> [Required work]: From the line that contains "Ljajić nije mogao" through the last line of the data, copy everything exactly and nothing else, omitting the pictures.

> [Stored data]:
__________________________________________________
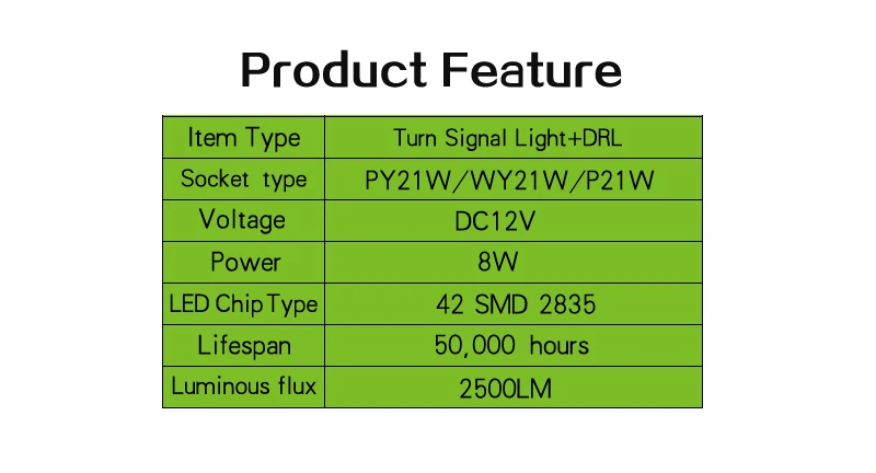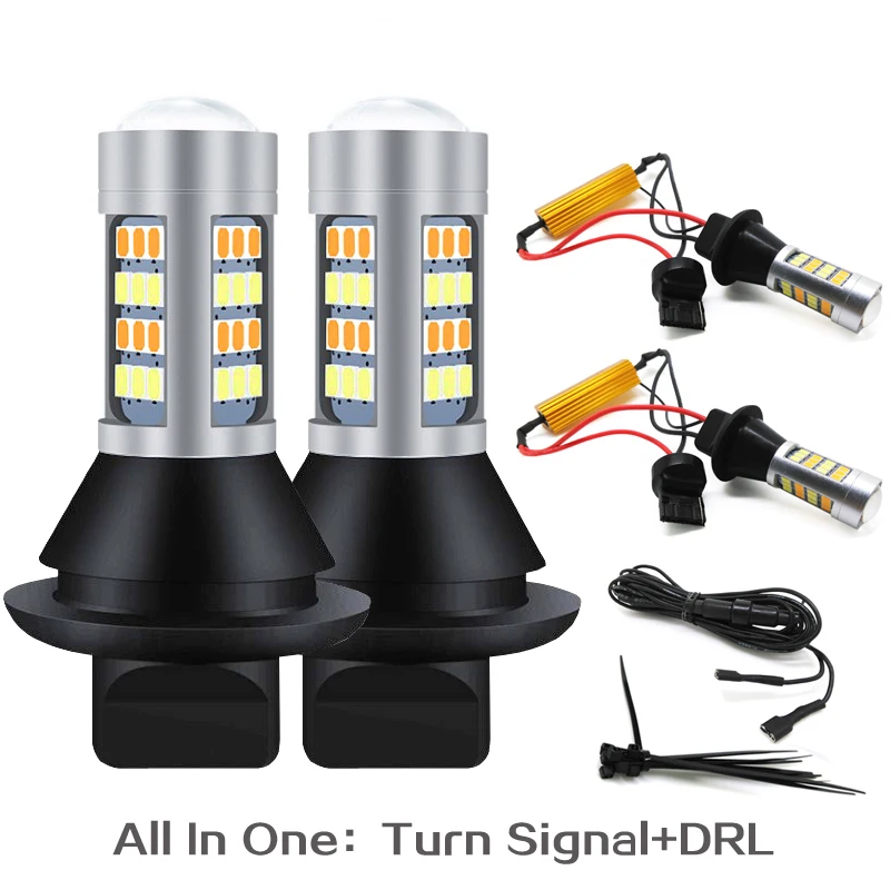 1 комплект включает: 2 светодиодных лампы и 1 контрольную линейную группу Все в одном drl с функцией поворотников: 1. Розетка: 7440/T20/WY21W,PY21W/BAU15S,P21W 2. Виды: дневной ходовой светильник с поворотом 3. Светодиодный чип: 2835 42SMD высокой мощности 4. Напряжение: DC9-12V 5. Мощность: 8 Вт 6. Гарантия: 3 года Лампа Цвет: Светильник сигнала поворота: желтый Дневной ходовой светильник: белый/красный/синий/голубой/розовый/желтый 1. Желтый + белый; 2. Желтый + красный; 3. Желтый + синий; 4. Желтый + светло-голубой; 5. Желтый + розовый; 6. Желтый + желтый Примечание: желтый/янтарный-это поворотный цвет, другой цвет-цвет drl.
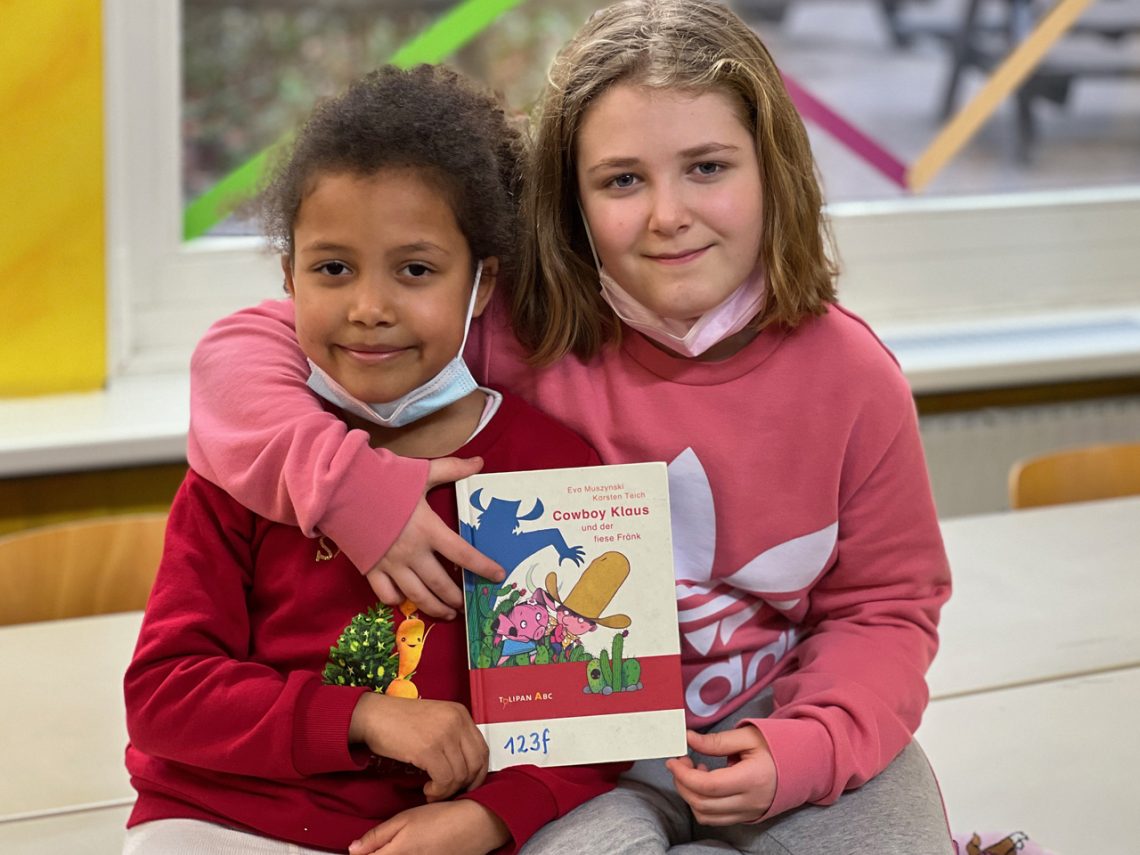 Wir haben „Cowboy Klaus und der fiese Fränk“ in einer der Bücherkisten in unserer Lerngruppe 123f. Isabella hat das Buch bereits durchgelesen, und Alia hat es angefangen. Wir finden beide das Buch spannend, lustig und cool. Wenn ihr in einer 123er-Klasse seid, dann solltet ihr es deshalb auch unbedingt lesen.
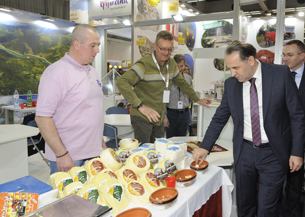 Ljajić nije mogao da proba baš sve iz bogate ponude domaćih vina, kačkavalja, kobasica, ali pirotske sireve nikada ne preskače, pa se poduže zadržao na štandu s ponudom iz ovih krajeva Srbije.
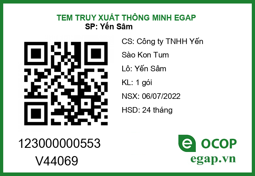 | 1 | Giấy chứng nhận - Giấy chứng nhận OCOP 4 Sao Nước Yến Sâm |
__________________________________________________
> [Task answer]:
 Ljajić nije mogao da proba baš sve iz bogate ponude domaćih vina, kačkavalja, kobasica, ali pirotske sireve nikada ne preskače, pa se poduže zadržao na štandu s ponudom iz ovih krajeva Srbije.
 | 1 | Giấy chứng nhận - Giấy chứng nhận OCOP 4 Sao Nước Yến Sâm |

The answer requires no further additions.